淡淡說道:「哼,算你走運,否則老夫饒不了你,你剛才說送老夫幾個侍妾的事情……」
蘇文:「???你這不是沒損失?」
蘇長青暴怒:「沒損失?老夫辛苦經營的商路沒了!你知道我有多少人手還陷在大周?我為了你,險些身死,內心受到了多大的傷害?你說我沒損失?有沒有良心?」
「呵呵……要尋侍妾你自己去找,我才不給你送!」蘇文撇撇嘴道。
原本的侍妾被他送走,那是他的問題。
可是他要是給老頭子送侍妾,老頭子是開心了,估計蘇文老娘和那幾個看他長大的夫人,就該給他上課了。
蘇文才不幹呢。
他主動岔開話題:「你怎麼變的這麼年輕?」
蘇長青嘆了口氣,說道:「你爹我啊,這個人對力量其實沒有什麼太大的追求。」
「因為你資質比較差……」蘇文實話實說道。
蘇長青並不否認。
這一點其實也是限制他的最大問題。
他笑道:「正是如此,第一是資質不佳,第二是起步太晚,根本沒有成為武道強者的機會。
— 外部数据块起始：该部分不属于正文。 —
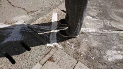 まず、学校に来たら、どちらの門から入っても校庭に行って下さい。校庭に行くと、それぞれの昇降口(くつばこ)のところに、コーンが立っていてラインが引いてあります。前の人と1.5メートル離れて並ぶようになっていますので、ラインに合わせて並んで下さい。(写真1枚目と2枚目)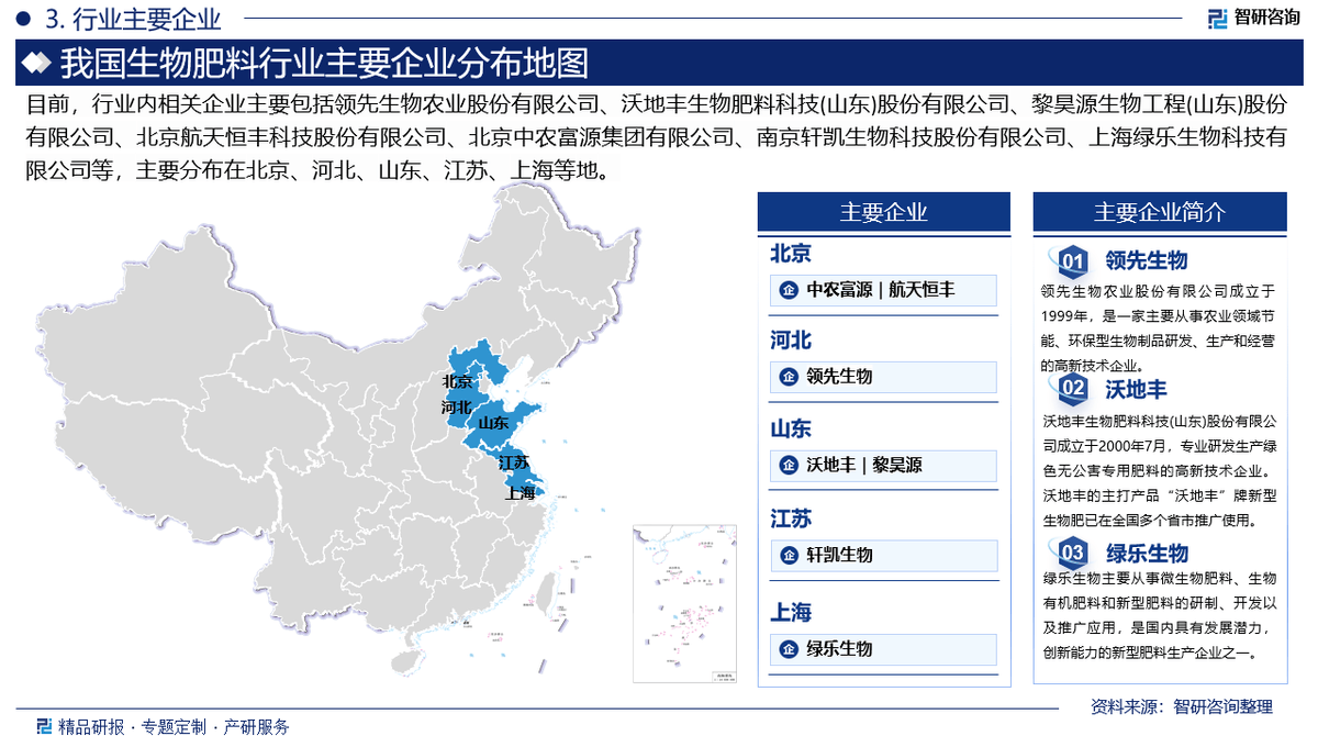 生物肥料行业合作款式较为激烈,但市场集中度逐步提高。行业内已出现出一批具有影响力的领军企业,这些企业凭仗强大的手艺实力和品牌影响力,正在市场上占领了领先地位。新兴企业也正在积极寻求立异冲破,通过差同化合作策略提拔市场份额。目前,沃地丰生物肥料科技(山东)股份无限公司、黎昊源生物工程(山东)股份无限公司、航天恒丰科技股份无限公司、中农富源集团无限公司、南京轩凯生物科技股份无限公司、上海绿乐生物科技无限公司、天津开辟区坤禾生物手艺无限公司、雷邦斯生物手艺()无限公司、江苏辉丰生物手艺无限公司等。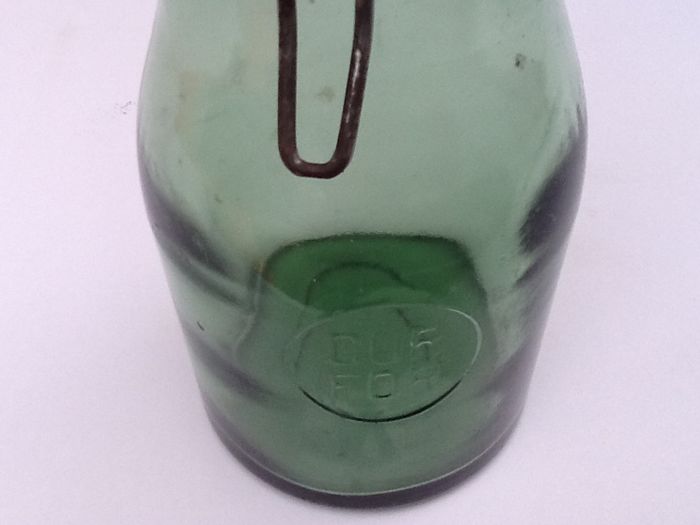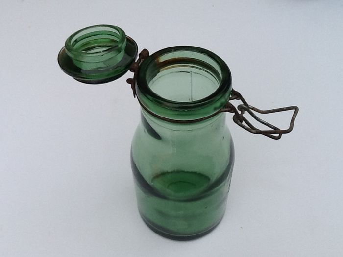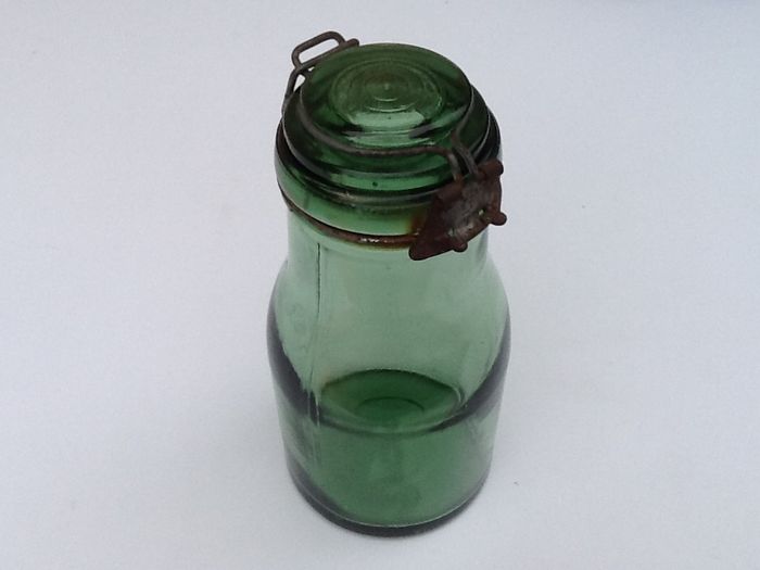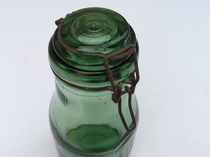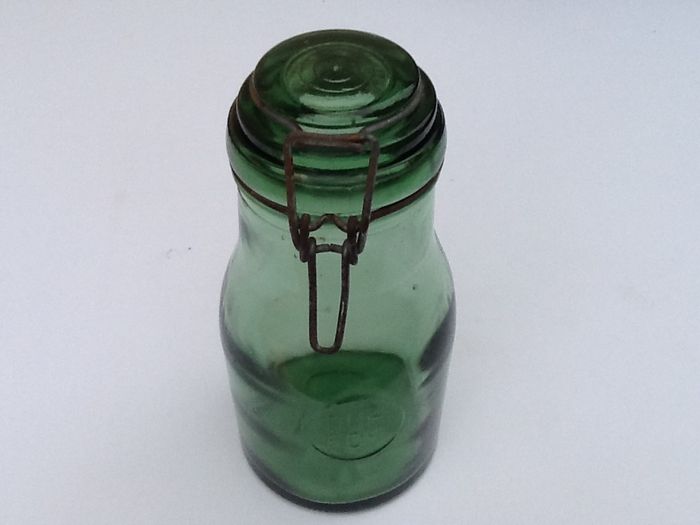 (article vendu en l' état, état d' usage voir toutes les photos) Années 1950 Pot / Bocal DURFOR Verre coloré épais Fermeture métallique Contenance : 1 Litre Hauteur : 225mm Poids : 1kg240

」
說到這裡,他眼中滿是嚮往:「但是……我不想死!我想活下去!一直活下去。」
蘇長青輕聲道:「這是一個很大的奢望,是權勢無法做到的奢望。」
「加上不能讓陛下察覺,所以我遣人去南洋做交易的時候,從他們那裡換來了另外一種力量體系的修鍊方式,類似靈師,卻又不同。」
「可以通過施法或者法陣,藉助魔神之力。」
蘇長青笑道:「所以呢,我特意研究了一種能夠轉移靈識的法術。又讓倪紅笑給我培育了一個與我身體完全相同,但是更加年輕的肉體,用法陣將其封印。」
蘇文雙目微眯:「是倪紅笑給你培育的肉身?」
蘇長青笑道:「是的,那個女人可不簡單,這方面大周無有出其右者。不過這已經是她十年前做的了,那時候她才十幾歲,而且她並不知道這具身體的用途。」
「代價呢?她會白白幫你?」蘇文太了解倪紅笑了。
「我把我所知道的所有魔法,都傳給了她。」
蘇文雙目微眯,目前還沒見過倪紅笑使用這方面的東西啊。
看來這個女人,底牌還有。
蘇文好奇道:「她弄出來這具身體,不會產生靈識嗎?」
實際上,這個問題涉及的東西就很多了。但是他馬上反應過來,自己問了一個愚蠢的問題。
要知道,倪紅笑生蘇蘇和幫著項飛燕懷孕的時候,都把蛋里的靈識給抹殺了。
果然,蘇長青笑道:「她說不會有問題,靈識已經被她抹殺。」
「之後的事情你就應該知道了,我提前將一點靈識分離,作為媒介植入這軀體之內,在我身死的一刻,集合數千異族法師之力,強行進行喚靈!硬生生將我靈識召喚入這軀體之中。」
蘇文看向蘇長青,嘆息道:「所以,你是故意的了?故意被發現的?」
蘇長青點了點頭道:「是的,你不是說你卡在天位門檻前了嗎,我尋思助你一臂之力!」
看著自己的老爹,蘇文不知道該說什麼。
你說他自私,這傢伙為了蘇文又冒了那麼大的險,要知道,稍有不慎,便有可能出現變數。對蘇文來說,堪稱無私。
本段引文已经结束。